Вдруг в этих голосах он расслышал самого себя, свой вкрадчиво-деликатный голос за каллиграфически написанным заявлением. Он, Анатолий Михайлович Ознобишин, кандидат на судебную должность, жаловался на товарища прокурора, не допускавшего его к участию в расследовании дела о привлекаемом по государственному преступлению Петре Петрове Рагозине. Заявление свидетельствовало о стремлении просителя послужить на благо царю и отечеству, и на бумаге, рукою его превосходительства, была нанесена сочувственная надпись: «Лично говорил товарищу прокурора о желательности поощрить».
Анатолий Михайлович замер с развёрнутой папкой в руках. Документ был памятный, документ был страшный. Документ продолжал жить старой жизнью Ознобишина, тогда как он сам эту старую жизнь хотел бы считать несуществовавшей. Документ не имел права на то прежнее существование, в котором было отказано самому Ознобишину. Бумага говорила о рвении её составителя к коронной службе. Бумага утверждала то, что Ознобишин должен был отрицать, если не хотел себе погибели.
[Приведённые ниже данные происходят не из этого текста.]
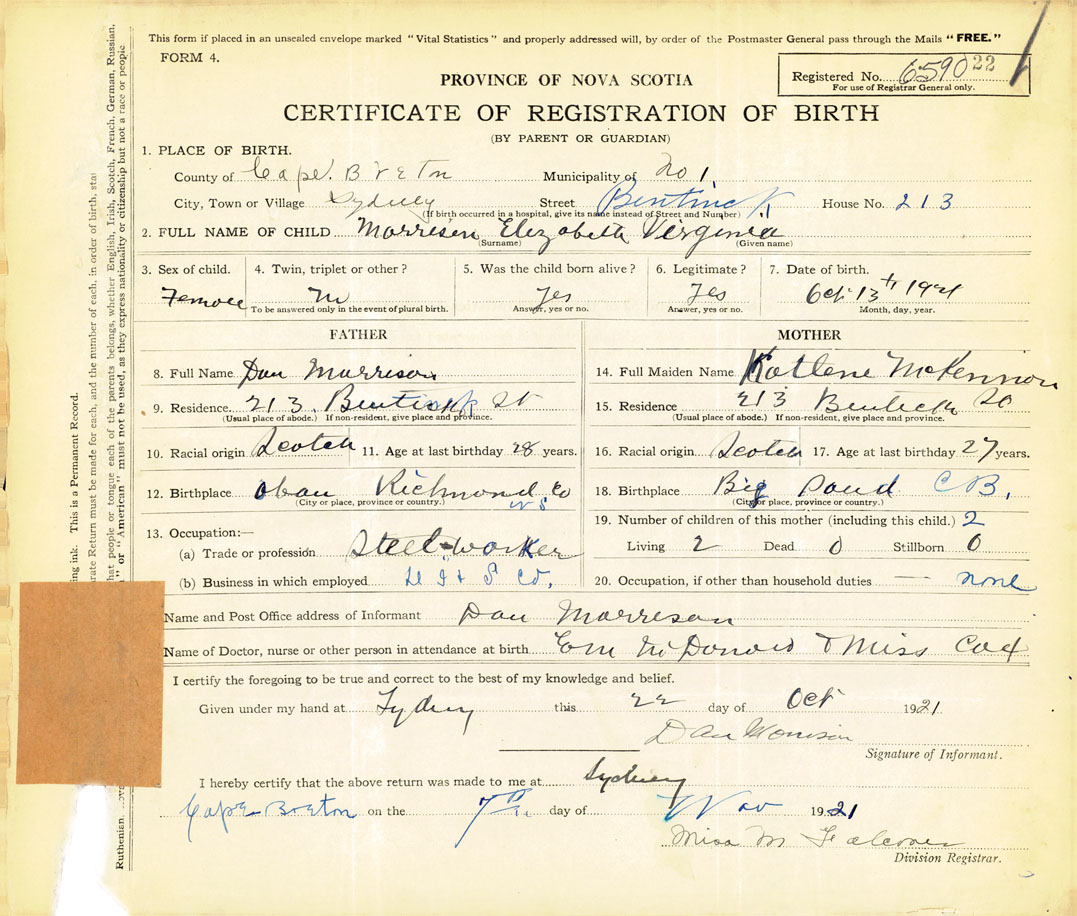 Nova Scotia Archives — https://archives.novascotia.ca/vital-statistics/birth/?ID=412389

Анатолий Михайлович обернулся на окно. Стекла были серы, за ними виднелась рано потемневшая зелень усталых от зноя деревьев. Он прислушался. Комнаты архива были немы и глухи.
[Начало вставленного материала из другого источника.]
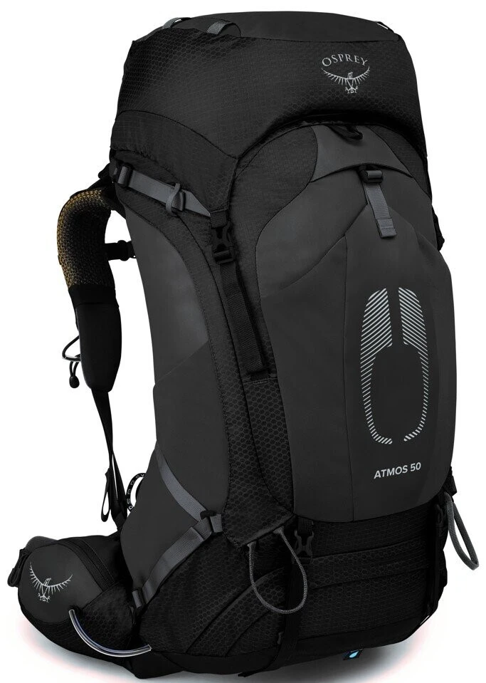 Osprey Atmos AG 50: je navržen pro velmi komfortní cestování, turistiku, kemping, kdy vysoký komfort je daný velmi mnoha prvky nastavení zádového systému. Ten je navíc tvořený síťkou, díky tomu výborně odvětrává.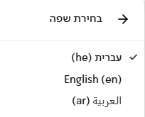 - בתפריט המשנה יש לבחור בשפה הרצויה: עבריתף אנגלית או ערבית.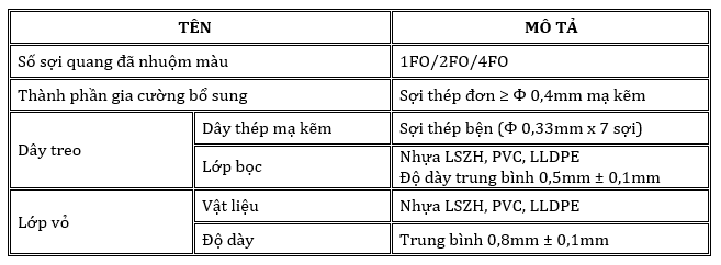 - Gồm các yêu cầu chung về quang và cấu trúc cho loại dây thuê bao đệm chặt chứa từ 1 đến 4 sợi quang.

Плотно накрыв бумагу влажной ладонью, Анатолий Михайлович чуть повернул кистью руки, и лист бесшумно отделился от корешка папки. Ознобишин сложил и спрятал документ в нагрудный карман. Папка была сшита шнуром, листы пронумерованы, но никакой описи в деле не имелось – никто не мог бы догадаться, какого именно документа недоставало теперь в папке. Ознобишин отнёс её в тёмный угол, закопал поглубже в кучу разрозненных листов и вернулся к окну. Он тщательно связал просмотренные раньше дела, сложил их на подоконнике и вытер лицо платком. Пальцы его немного вздрагивали.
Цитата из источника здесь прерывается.